Part 3 – Attaching your LeftHand ISCSI LUN to ESXi

Tuesday, 1. December 2009

In the first two articles in this series I discussed the process of configuring the LeftHand VSA and preparing a volume for attachment to a VMWare server.  A few things should be noted here.
-I’m using ESXi 3.5 for this walk through
-The VSA is installed on the same ESXi server that I am attaching the server to
-Since I’m working in a test environment I am keeping the ISCSI traffic on the same subnet as the Virtual Machines.  The VMKernel is the interface in VMWare that needs to see the ISCSI traffic so to keep this simple I will leave everything on the same subnet.  Remember ESXi is different than ESX as far as the network configuration goes.  We really aren’t looking at performance right now, just trying to get the VSA up and running so we can play with it.

Alright let’s get right into it……

Since this is ESXi, I have already configured a VMKernel port for management of the ESXi host.  That being said my current network configuration looks like the image below.  Note the VSA is part of the VM Network already.  The hosts on the VM Network all have the same subnet of 10.20.30.X /24image

So basically all I need to do at this point is enable the ISCSI software initiator in ESXi and give it the information it needs to find the ISCSI LUN we created.  Under configuration in your VI Client click on “Storage Adapters” and then scroll down in the right pane until you see “ISCSI Software Adapter”.  Select it by left clicking on it and then choose properties in the lower pane.  image 

On the properties click the “Configure…” button and check the box under status that says “Enabled”.  Note you cant insert your own ISCSI name at this point.  Once you press OK the system will think for a brief moment and the populate the “ISCSI Properties” section at the top of the Properties page.  Additionally if you click on “Configure…” again you are now able to edit the ISCSI name, however I wouldn’t recommend doing so unless you know what you are doing.

image image

You can now continue configuring the ISCSI connection.  Select the “Dynamic Discovery” tab from the top of the Properties window.  Underneath “Dynamic Discovery” click the “Add…” button from the lower part of the screen.  On the “Add Send Targets Server” window enter the IP of your LeftHand cluster.  Please note here DON’T USE THE IP OF YOUR LEFTHAND NODE.  You have to use the cluster IP.  I know it doesn’t make a lot of sense since we are only working with one node but you have to think of situations where you would have more than one node in a cluster.  Leave the port value at its default setting of 3260.image

Now click on the “CHAP Authentication” tab of the properties window.  If you prefer to not use CHAP you could very easily go back to the “General” tab, copy the ISCSI name, go back to the LeftHand CMC and change the server definition to “CHAP not required” and paste the name you copied in the “Initiator Node Name” text box.  We simply configured CHAP in the previous step because we didn’t know what the ESXi Initiator Name would be at that point of the configuration.  If you choose to do not use CHAP and make the above listed change disregard the next step where we configure the CHAP authentication.

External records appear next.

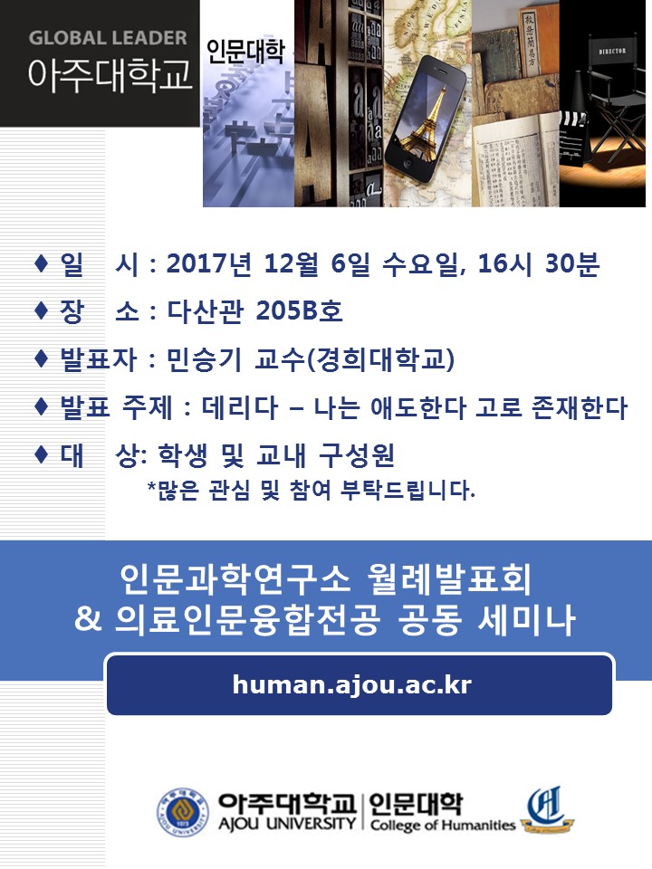 599 | 세미나/포럼 | 교내 | 김수현 | 2017-12-06 | ||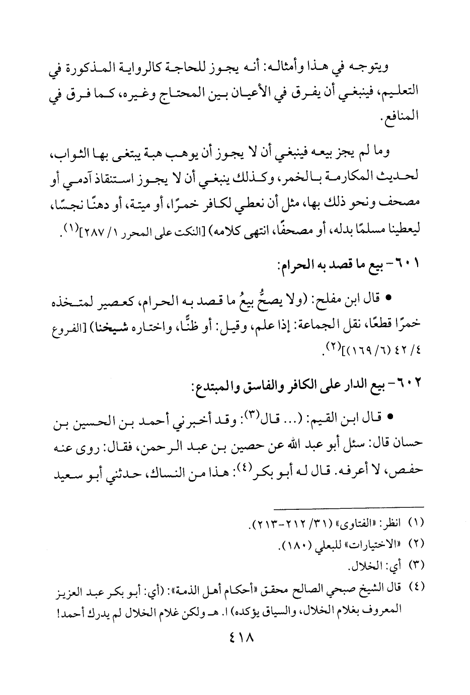 • قال ابن مفلح: (ولا يصحُّ بيعُ ما قصد به الحرام، كعصير لمتخذه خمرًا قطعًا، نقل الجماعة: إذا علم، وقيل: أو ظنًّا، واختاره شيخنا) [الفروع 4/ 42 (6/ 169)] (¬2).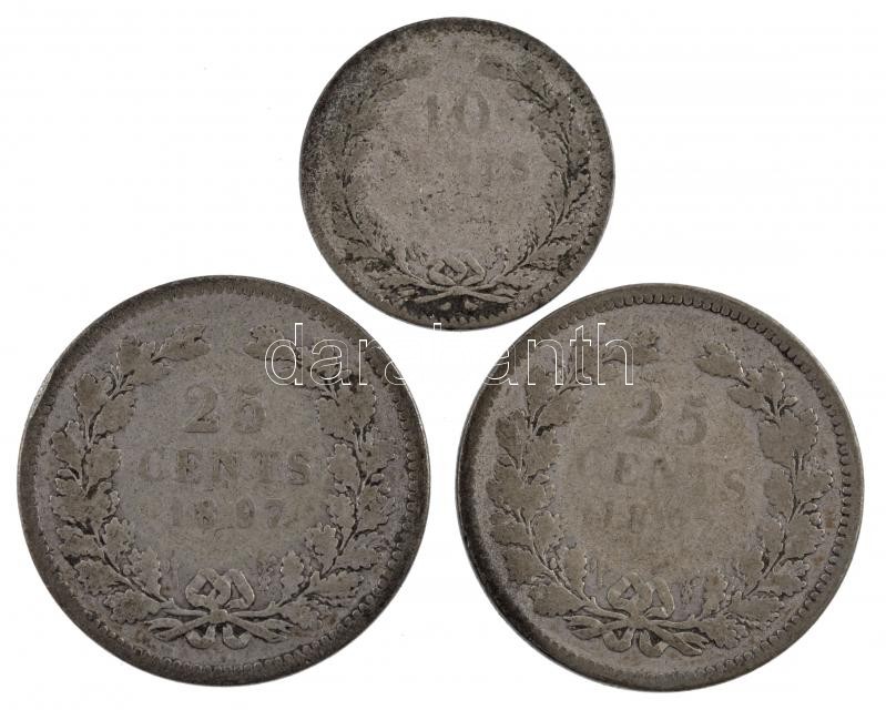 Netherlands 1897. 10 Cents Ag "Wilhelmina" + 25 Cents Ag "Wilhelmina" (2x) C:F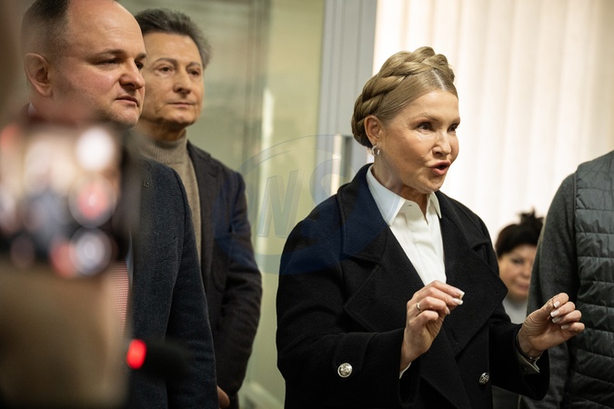Member of Parliament of Ukraine and leader of the Fatherland party parliamentary faction Yuliia Tymoshenko, suspected of proposing an unlawful benefit to Members of Parliament, gives comments to media representatives in the presence of her lawyer Member of Parliament of Ukraine and leader of the Fatherland party parliamentary faction Yuliia Tymoshenko, suspected of proposing an unlawful benefit to Members of Parliament, gives comments to media representatives in the presence of her lawyer Oleksandr Hotin and fellow party member Mykhailo Volynets (L to R) during a closed hearing at the High Anti-Corruption Court on a motion filed by the prosecutor of the Specialized Anti-Corruption Prosecutor's Office seeking the seizure of the suspect's property, Kyiv, Ukraine, on January 19, 2026 and fellow party member Mykhailo Volynets (L to R) during a closed hearing at the High Anti-Corruption Court on a motion filed by the prosecutor of the Specialized Anti-Corruption Prosecutor's Office seeking the seizure of the suspect's property, Kyiv, Ukraine, on January 19, 2026, Credit:Danylo Antoniuk / Avalon

Click the “Configure…” button and enter in the credentials you specified when you configured the server in the LeftHand CMC.  Once done press “OK”, and then close the Properties window.image

After you press CLOSE, VMware will ask you if you want to “Rescan the Host”.  Choose “Yes”, this will rescan all the HBA (Host Bus Adapters) on the ESX server.image 

With any luck after the HBA scan completes you should see the volume you created in the LeftHand CMC appear as an available LUN.  If you don’t see it verify the CHAP username and password you used and make sure you are matching the correct password that you defined in the LeftHand CMC.  You had to define a Target and an Initiator Secret which had to be different.  Ensure you are matching the  correct Secret and then try hitting the “Rescan…” button at the top of the Storage Adapters pane.  The Windows ISCSI Initiator lets you do mutual authentication which would use both the Initiator and Target Secrets.

image
Now if we select Storage from the “Hardware” area on the left hand side of the screen we can see our existing datastore.  To see the ISCSI datastore we are going to have to add it.  Select the “Add Storage…” link from the right side of the screen.image

This should bring up the “Add Storage Wizard”.  Ensure that Disk/Lun is selected and press NEXT.

image

On the next screen you should see your ISCSI LUN, ensure its selected and press NEXTimage

The next screen warns you that the current Disk Layout will be destroyed.  Note in the below image that I had used this LUN for a quick test on a MS Server and formatted it as NTFS.  The wizard picks up on that and warns that the disk layout will be destroyed.  Press NEXT.image

On the next screen give the datastore a name and then Press NEXT.image

On the next screen choose how big you want to make the datastore. Most of the time I would just leave the option “Maximize Capacity” checked.  That will use all of the space on the LUN and is the default setting.  The other option on this screen is Maximum Block Size.  There are a couple different schools of thought on this and if you aren’t sure I would recommend the default settings.image

On the last screen just verify your settings and press FINISHimage

After it finishes creating your VFMS Datastore, the new datastore will show up under storage where you can start treating it just like any other datastore.   That’s it!  You’ve successfully implemented a completely virtualized SAN solution!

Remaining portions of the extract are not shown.